Data records:
****

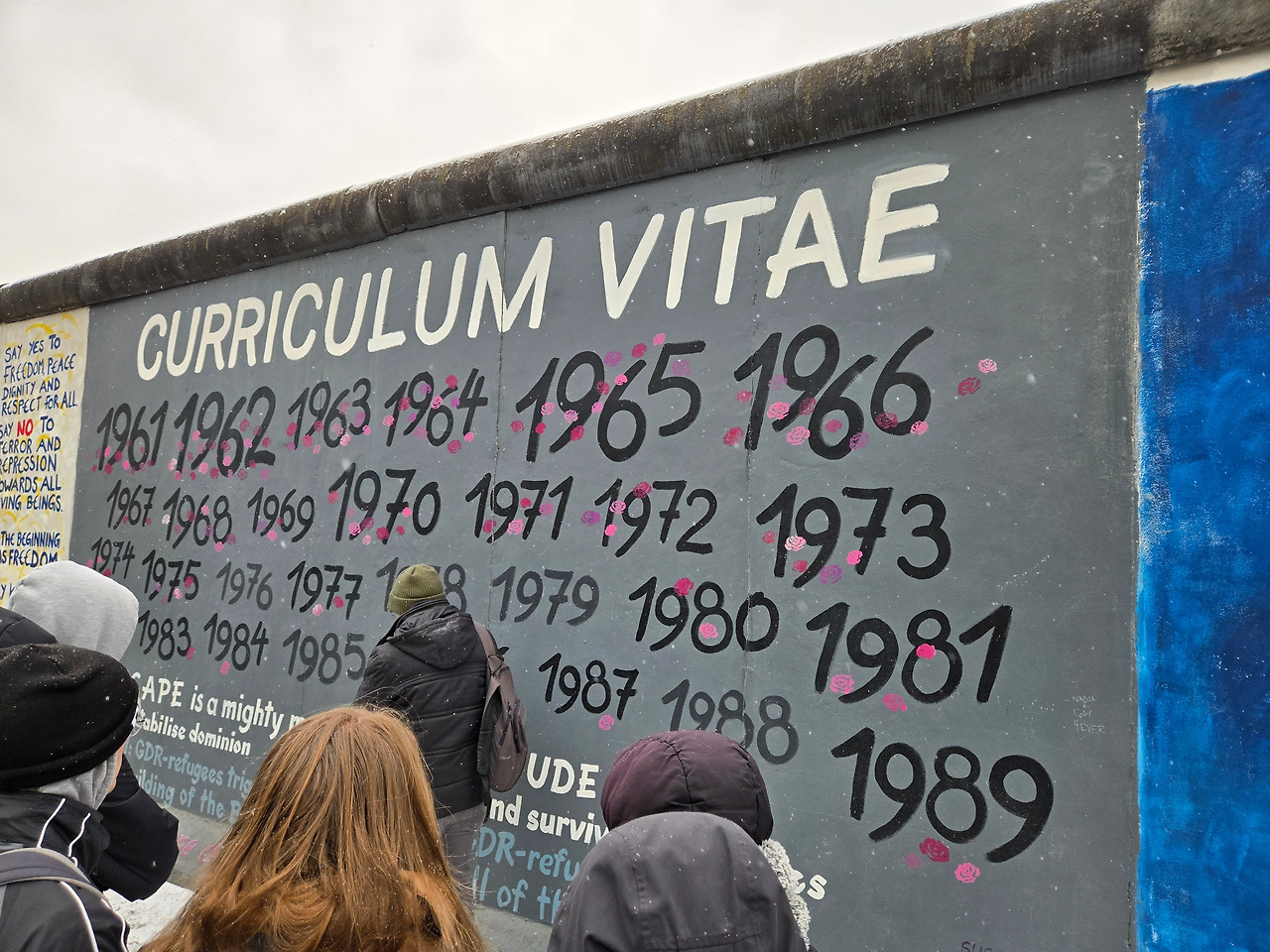 베를린 장벽이 건설되는 건 제가 태어나기 전의 일이라 실시간으로 보진 못했지만, 어릴 적 베를린 장벽이 무너지며 베를린 사람들이 환호하며 뛰어다니는 장면을 동시대 TV 방송으로 본 기억이 남아있습니다.
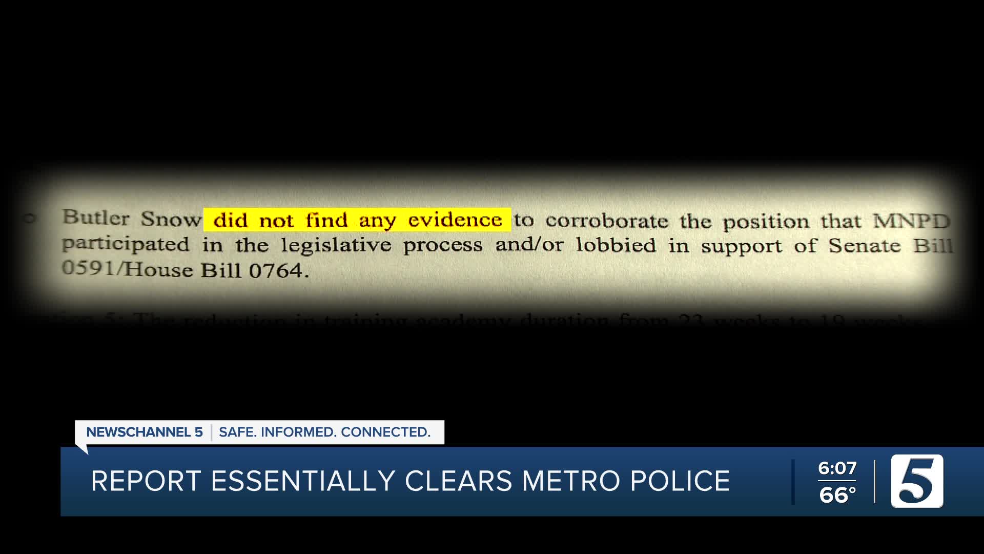 Both the Metro Legal Department and Metro Police Department said they appreciate the thoroughness and professionalism of the Butler Snow team that worked on the investigative report.
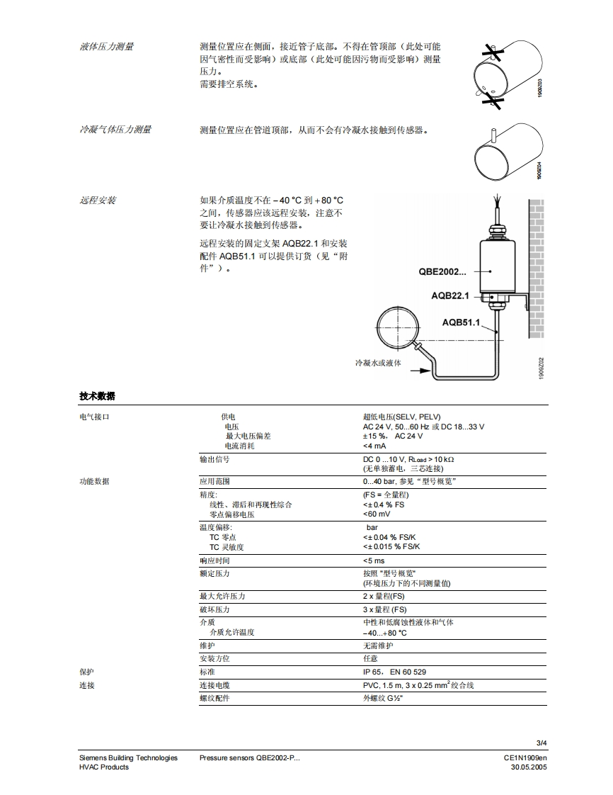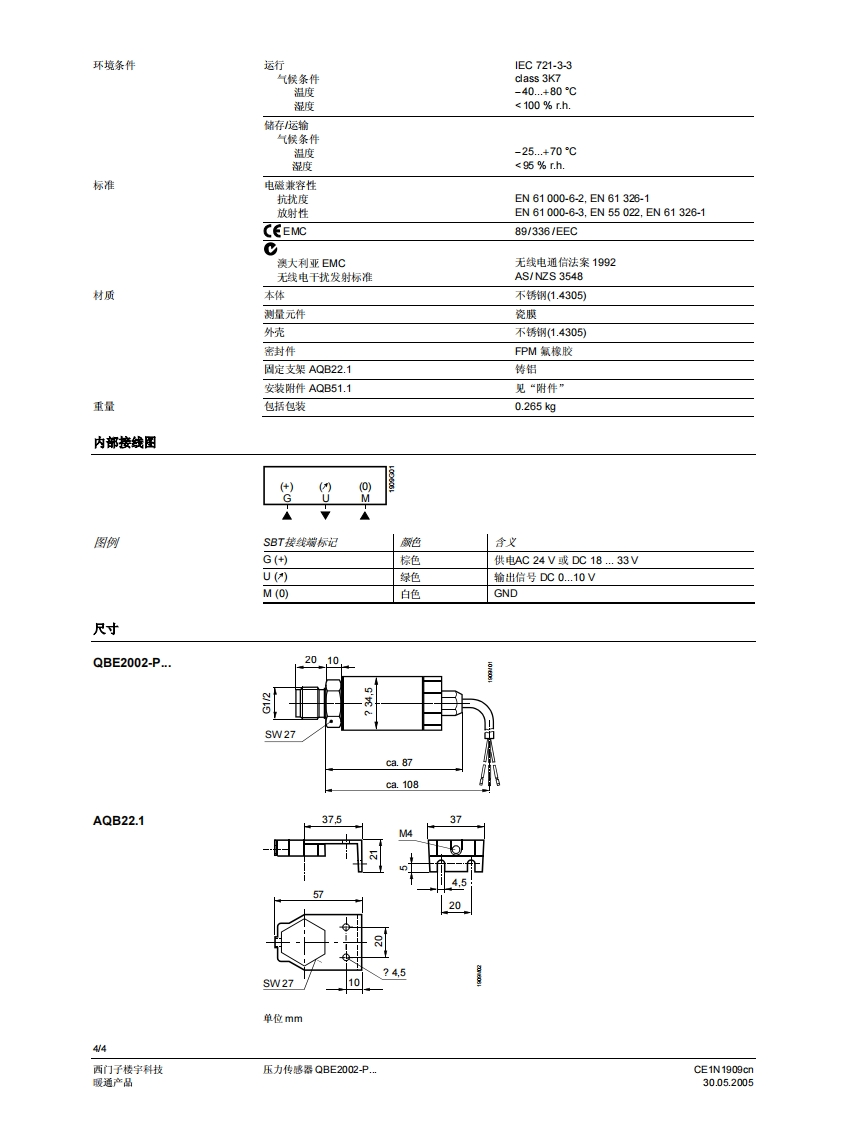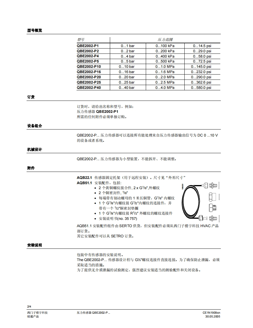 SIEMENS济南工达孔功24小时为您服务!www.cngdkj.com电话:18653198028QQ:1319331276西门子全国最大合作伙伴!压力传感器QBE2002-P.用于液体和气体介质·压阻测量系统。DC0.10V输出信号·测量不受温度变化影响·高温下的稳定性高·无机城老化和漏电·外螺纹G2"。卓越的EMC特性用途QBE2002-P..压力传感器适用于HVAC应用中的静态和动态绝对压力的测量,特别是用于液体和气体(蒸汽)作介质的液压和气动系统。技术设计QBE2002-P..压力传感器采用压力电阻测量原理运行。陶瓷膜片(厚膜混合工艺)通过与介质直接接触测量压力。测量可以转换成直流线性DC0.10V的信号。的信号。CE1N1909cn西门子楼字科技30.05.2005暖通空调产品
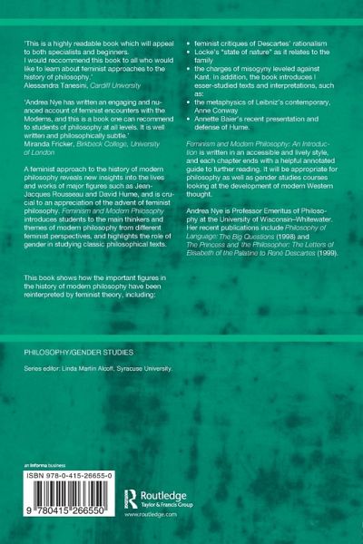 The history of modern philosophy is a major topic in philosophy and is crucial to an understanding of the advent of feminist philosophy. "Feminism and Modern Philosophy" introduces fundamental topics in modern philosophy from a feminist perspective. It takes the student through the subject step by step by looking at the main thinkers most usually examined on a course in modern philosophy and by examining the role of gender in studying classic philosophical texts. The book covers the following structure looking at the ideas and work of the important thinkers in this period: * Rereading the canon * The attack on modernist philosophical reason * The nature of "Man" * The search for male allies * Discovering women philosophers * Are there universal philosophical truths? * The function of history within the discipline of philosophy Each chapter looks closely at the way in which the traditional philosophical canon has been re-interpreted by feminist theory and examines the implications for our interpretation of specific texts. It looks at, for example: * A feminist critique of Cartesian rationalism * The implications of Locke's state of nature for the idea of the family * An appreciation of Hume's unique "collaboration" with Annette Baier Chapters close with a summary and the book contains an extensive annotated bibliography. Andrea Nye's style is student friendly and will be ideal for anyone coming to the topic for the first time. It will be appropriate for philosophy as well as gender studies courses looking at the development of modern Western thought.
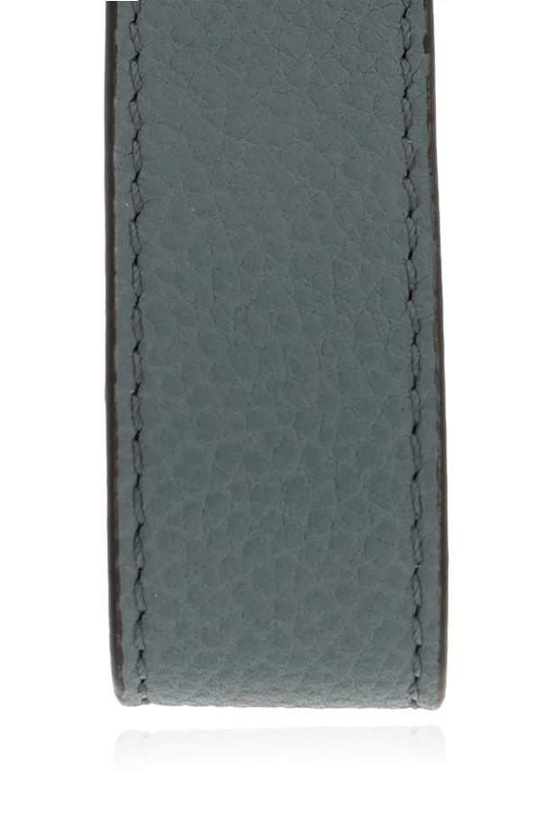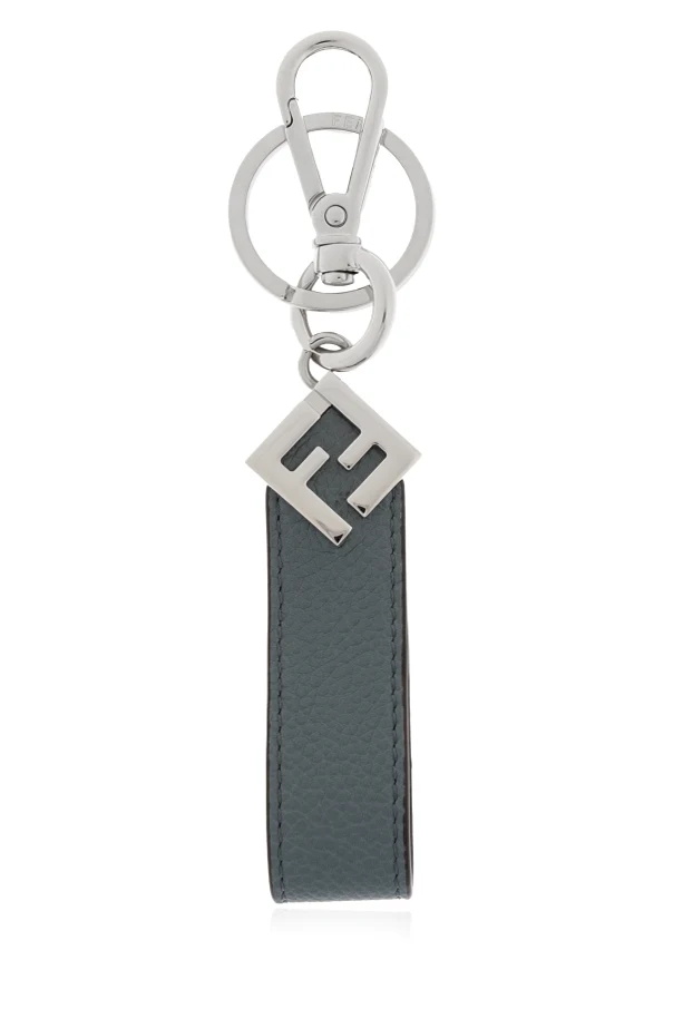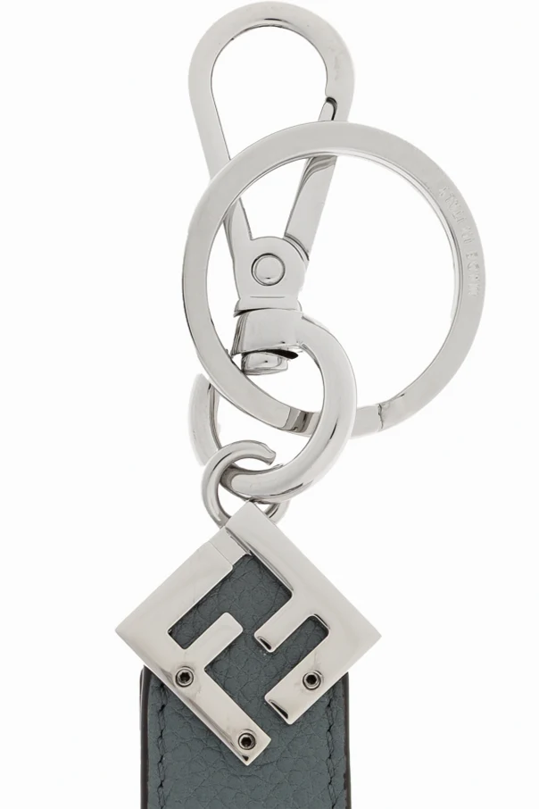 Elevate your everyday essentials with this Fendi Logo Keychain , a refined accessory crafted for those who appreciate enduring elegance. The piece features a vertical, rectangular strap made from select leather in a sophisticated, understated shade of blue . Immaculately appointed, robust metal components in a polished silver hue—comprising a keyring, sturdy carabiner, and an artful geometric emblem—add a commanding presence and contemporary flair.
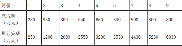扣回完成点:6000×80%=4800(万元),第7个月累计完成金额为4430万元小于4800万元,第8个月累计完成金额为5230万元,应在第8个月完成预付款的扣回。
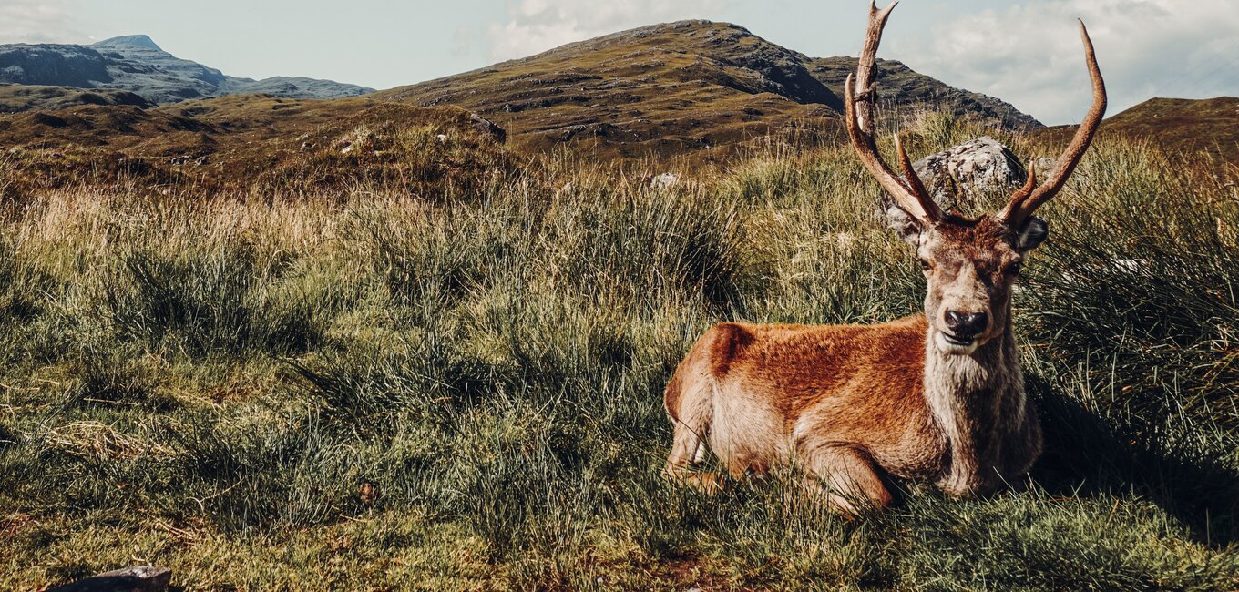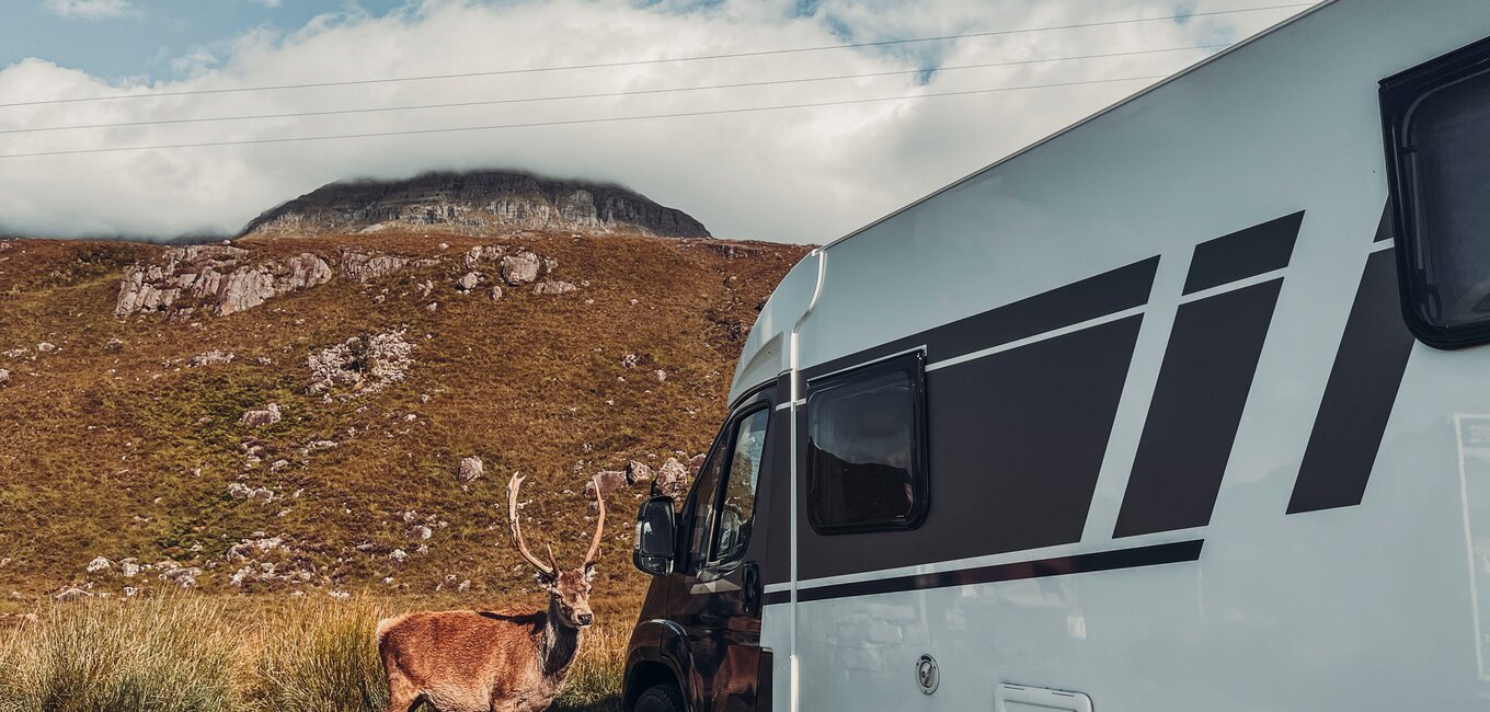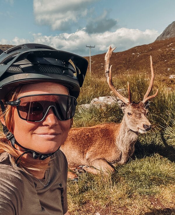 The last 15 kilometres to Torridon are on a single-lane gravel road. Just before the town, there are some perfect places to spend the night. When I woke up on one of these pitches on my first morning in Torridon, I was amazed to be greeted by a stag right outside my window. The deer didn't move away when I left my camper to get my bike ready - on the contrary, it scanned my front wheel with its antlers and sniffed the rims.

****

• The problem:
The answer is the lines above, word for word, from the first one through the one containing "Both the Metro"; it includes no pictures.

• Answer to this problem:
 베를린 장벽이 건설되는 건 제가 태어나기 전의 일이라 실시간으로 보진 못했지만, 어릴 적 베를린 장벽이 무너지며 베를린 사람들이 환호하며 뛰어다니는 장면을 동시대 TV 방송으로 본 기억이 남아있습니다.
 Both the Metro Legal Department and Metro Police Department said they appreciate the thoroughness and professionalism of the Butler Snow team that worked on the investigative report.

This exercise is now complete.